When you knit the .Rmd file, it is send to knitr, which executes all of the code chunks and creates a new .md document which includes the code and its output. The .md file is then processed by pandoc, which is responsible for creating the finished file.

### 21.2 Bibliographies and Citations

bibliography: rmarkdown.bib


To create a citation within your .Rmd file, use a key composed of @ + the citation identifier from the bibliography file. Then place the citation in square brackets. Here are some examples:

Separate multiple citations with a ;: Blah blah [@smith04; @doe99].

Blah blah [see @doe99, pp. 33-35; also @smith04, ch. 1].

Remove the square brackets to create an in-text citation: @smith04
says blah, or @smith04 [p. 33] says blah.

Add a - before the citation to suppress the author's name:
Smith says blah [-@smith04].


When R Markdown renders your file, it will build and append a bibliography to the end of your document. The bibliography will contain each of the cited references from your bibliography file, but it will not contain a section heading. As a result it is common practice to end your file with a section header for the bibliography, such as # References or # Bibliography.

You can change the style of your citations and bibliography by referencing a .csl (Citation Style Language) file in the csl field:

bibliography: rmarkdown.bib
csl: apa.csl


## Chapter 22 - Graphics for Communication with ggplot2

### 22.1 Annotations

geom_text 的 annotation 效果有点挫：

best_in_class <- mpg %>%
group_by(class) %>%
filter(row_number(desc(hwy)) == 1)

ggplot(mpg, aes(displ, hwy)) +
geom_point(aes(colour = class)) +
geom_text(aes(label = model), data = best_in_class)


ggplot(mpg, aes(displ, hwy)) +
geom_point(aes(colour = class)) +
geom_label(aes(label = model), data = best_in_class, nudge_y = 2, alpha = 0.5)

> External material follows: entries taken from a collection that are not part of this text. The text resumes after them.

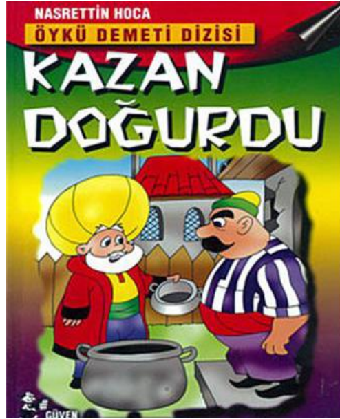
Resim 4: Sarı Kavuklu Nasrettin Hoca
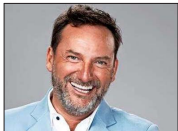
Actualmente anima el programa "El medio día", de Televisión Nacional de Chile.

"En general, es el Parque O'Higgins, pero básicamente la calle Beauchef. Yo viví muy cerca y pasó toda mi infancia ahí. Siempre trato de ir para allá, me conecto mucho".
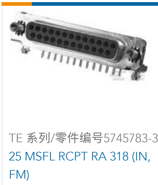
TE 系列/零件编号5745783-3 25 MSFL RCPT RA 318 (IN, FM)
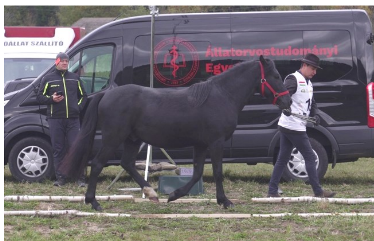
1. kép: 2021-es Szemle aranyérmese Junior mén kategóriában: Csasszán

2021 végére már 70 volt a törzskönyvezett lovak száma. Ebben az időpontba kezdtük meg mi is a méréseinket a VATEM rendszer segítségével a mustra alatt (1. kép).
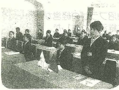
開講式にて 自己紹介

21世紀は新しいリゾートの時代 阿部長商店は人々が心身共にくつろげる真のリゾート開発事業を地域開発に貢献しながら、自然の恩恵あふれるこの地で進めております。今回は阿部長商店の観光関連施設をご紹介致します。
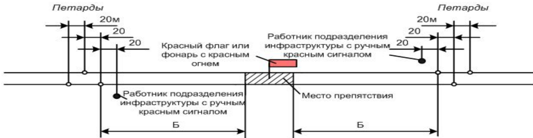
Схема ограждения мест внезапно возникшего препятствия для движения поездов.

Если на сигнал тревоги явится работник ж.д. транспорта, то после установки сигнала остановки на месте препятствия они идут укладывать петарды на расстоянии «Б» и далее остаются у петард в ожидании поезда.
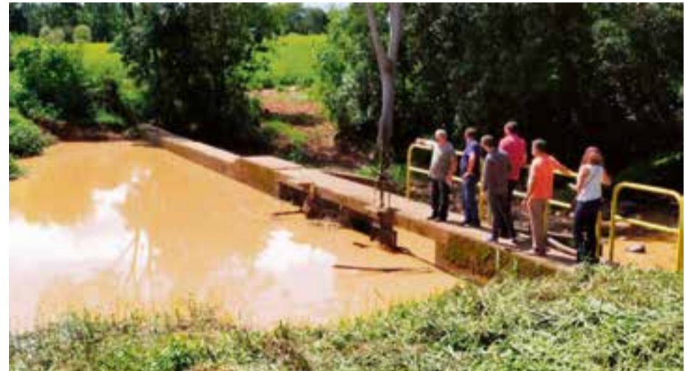
Comissão verificou situação e acredita que melhoria promovida vai fazer a diferença
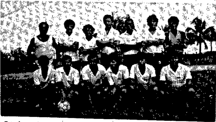
Esta é a equipe do Jornal da Cidade que venceu a Tribuna dando um verdadeiro show de bola.

ggrepel::geom_label_repel 效果明显改善。It will automatically adjust labels so that they don’t overlap：

ggplot(mpg, aes(displ, hwy)) +
geom_point(aes(colour = class)) +
geom_point(size = 3, shape = 1, data = best_in_class) +
ggrepel::geom_label_repel(aes(label = model), data = best_in_class)


### 22.2 Legend Layout

base <- ggplot(mpg, aes(displ, hwy)) +
geom_point(aes(colour = class))

base + theme(legend.position = "left")
base + theme(legend.position = "top")
base + theme(legend.position = "bottom")
base + theme(legend.position = "right") # the default


ggplot(mpg, aes(displ, hwy)) +
geom_point(aes(colour = class)) +
geom_smooth(se = FALSE) +
theme(legend.position = "bottom") +
guides(colour = guide_legend(nrow = 1, override.aes = list(size = 4)))
#> geom_smooth() using method = 'loess' and formula 'y ~ x'